Two women walk next to the Reserve Bank of Australia headquarters in central Sydney, Australia, on February 6, 2018.Reuters/Daniel Muñoz/File Photo Obtaining license rights
SYDNEY, Oct 6 (Reuters) – Australia’s economy is well placed to weather tensions in global financial markets, Australia says, despite growing risks of a “disorderly” decline in asset prices and a slowdown in China’s economy. the central bank said on Friday.
The Reserve Bank of Australia (RBA) also noted in its semi-annual financial stability review that rising interest rates were putting more households into financial stress, but interest rates would have to rise again. It was determined that most households would be able to cope with the situation.
In a foreword to the 71-page review, RBA Governor Michelle Bullock said: “Although most Australian households and businesses remain well placed to adapt to a range of difficult economic conditions, they remain vulnerable to further shocks. There are some places,” he said.
This will be Block’s first review since he was promoted from deputy in mid-September.
In a bid to rein in soaring inflation, the central bank has raised interest rates to a 10-year high of 4.1%, causing widespread financial stress for households with debt levels reaching record peaks.
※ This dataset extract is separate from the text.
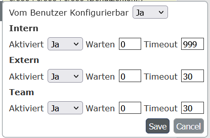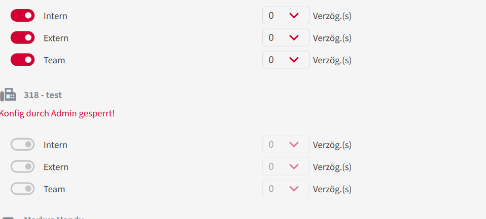 Das sind doch die gleichen Möglichkeiten, wie von @fsc.ls angegeben: Wenn vom Admin zugelassen: Ein/Aus sowie Verzögerung je Gerät je “Anruferherkunft”. Der Timeout selbst ist hier nicht anpassbar (abseits vom an/aus an sich).
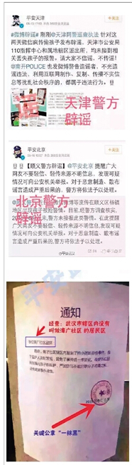 6月13日,天津警方官方微博辟谣“本市没有孩子被抢”,但谣言早已通过千千万万手机扩散到全国,北京、青岛、大连、邯郸、南京等地警方纷纷也跟进辟谣。

This tension is one reason the RBA has held off on raising interest rates for the past four months, but continues to warn that further tightening may be necessary if inflation does not subside as expected.
The study found that while most borrowers with adjustable-rate mortgages saw their payments increase by 30% to 50%, many borrowers with lower fixed-rate loans also experienced rollover increases. It was estimated that a similar increase would be expected.
As a result, the proportion of homeowners whose loan costs and spending on necessities exceeded their income rose to about 5% from 1% at the beginning of 2022. If spending is measured more broadly, that share could be as high as 13%. he added.
“A small but increasing proportion of borrowers are on the brink or in the early stages of financial stress,” the study said.
Still, the Reserve Bank of Australia has determined that Australian banks have sufficient capital to absorb higher loan arrears and losses and are generally able to cope with the stress.
Instead, much of the review focused on risks from offshore, where tightening global financial conditions could lead to a chaotic fall in asset prices and weaker economic growth.
The recent vicious sell-off in U.S. Treasuries has sent yields soaring around the world, putting pressure on stock markets in the process.
Those pressures will increase if inflation proves more stubborn than expected and interest rates need to remain high for an extended period of time, the RBA warned.
“Tight global financial conditions may spill over into Australia through funding market linkages and risk aversion,” the study said.
The RBA said financial institutions in some countries, particularly the US, were also exposed to commercial property losses, which could reduce their lending capacity.
Another area of concern is China’s property sector, where financial stress is proving to be a drag on Australia, the world’s second-largest economy and single largest export market.